Constitution Square was the usual human menagerie of lottery-ticket salesmen, pretzel vendors, cops, soldiers, pickpockets, beggars, musicians, and office workers hurrying to their bad-tempered buses and then home. Athens's answer to Alexanderplatz had everything to divert the unwary citizen and I stopped for a short while to watch as a skilled pavement artist sketched out a grotesque picture in chalk that made me think of a picture by George Grosz and served to remind me only of how much I missed the old Berlin with its Biberkopfs and Berbers, its bear and its beer. There's no one quite like George Grosz to make you think you need a stiff drink or, for that matter, that you've already had one. I knew this better than anyone, given my old acquaintance with George Grosz. I hurried into the hotel and found Achilles Garlopis waiting on one of the big sofas under a crystal chandelier. He got up like a beetle struggling to right itself and walked nimbly across the marble floor to greet me. "Thank God you're all right," he said, crossing himself in the Greek way. "When those men picked you up outside Averoff Prison I did my best to follow them in the Rover, but they lost me at the traffic lights. Not that I'd have known what to do if I had caught up with them. They were a tough-looking bunch."
"That they were." "They didn't look like police." "No. They weren't police." I didn't offer any further explanation; the less he knew about the bandit queen the better it would be for him. "Look, let's just forget it, can we?" "Surely, sir, surely." "No, let's get a drink. I have a craving to shrink my liver. Walking here just now it was all I could do not to drink the contents of my cigarette lighter." "Then let me buy you one. On second thoughts, let me buy you two." "At these prices? We'll have MRE pay for the damage.
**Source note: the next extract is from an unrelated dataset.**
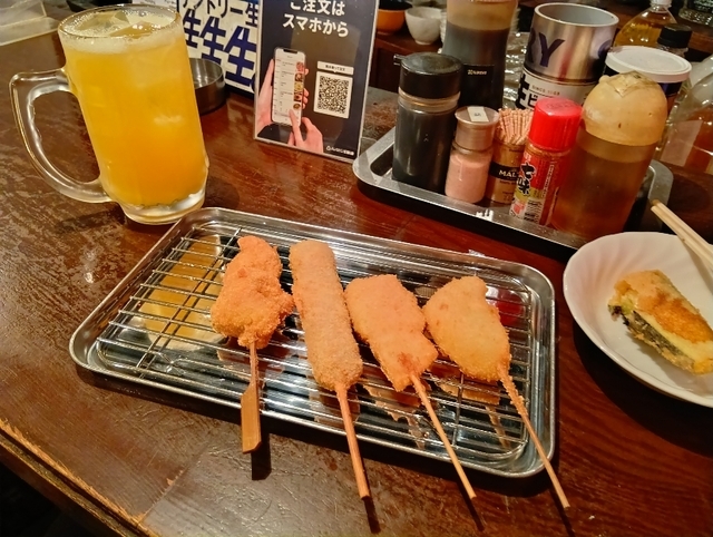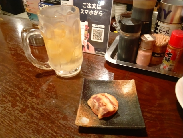 次のバス時間が結構あるので入店してみた。何種類もあるハイボールのネーミングが面白い。1杯目は「代官ハイボール」2杯目「陣屋ハイボール」。つまみはお通しとおまかせ串揚げ5本盛。時間を気にしながら美味しく頂いた。ハイボールに合いそうなメニューもあったので今度飲み友達とゆっくりとお邪魔したいと思う。

It's what they're good at." We sat down at the horn of alcoholic plenty that was the GB bar and summoned a waiter, whereupon I pointed at the tapestry of Alexander the Great. A boy on an elephant was holding up a hip flask and a couple of slaves were walking beside the chariot with what looked like a large pitcher full of wine on a stretcher. Another fellow with red hair was sucking on a golden bottle of Korn and trying to pretend it was a trumpet, the way you do after a good night out. Alexander himself was smiling and trying to stay upright and Great in the chariot he was standing in, like he'd already downed a glass or two of something warming.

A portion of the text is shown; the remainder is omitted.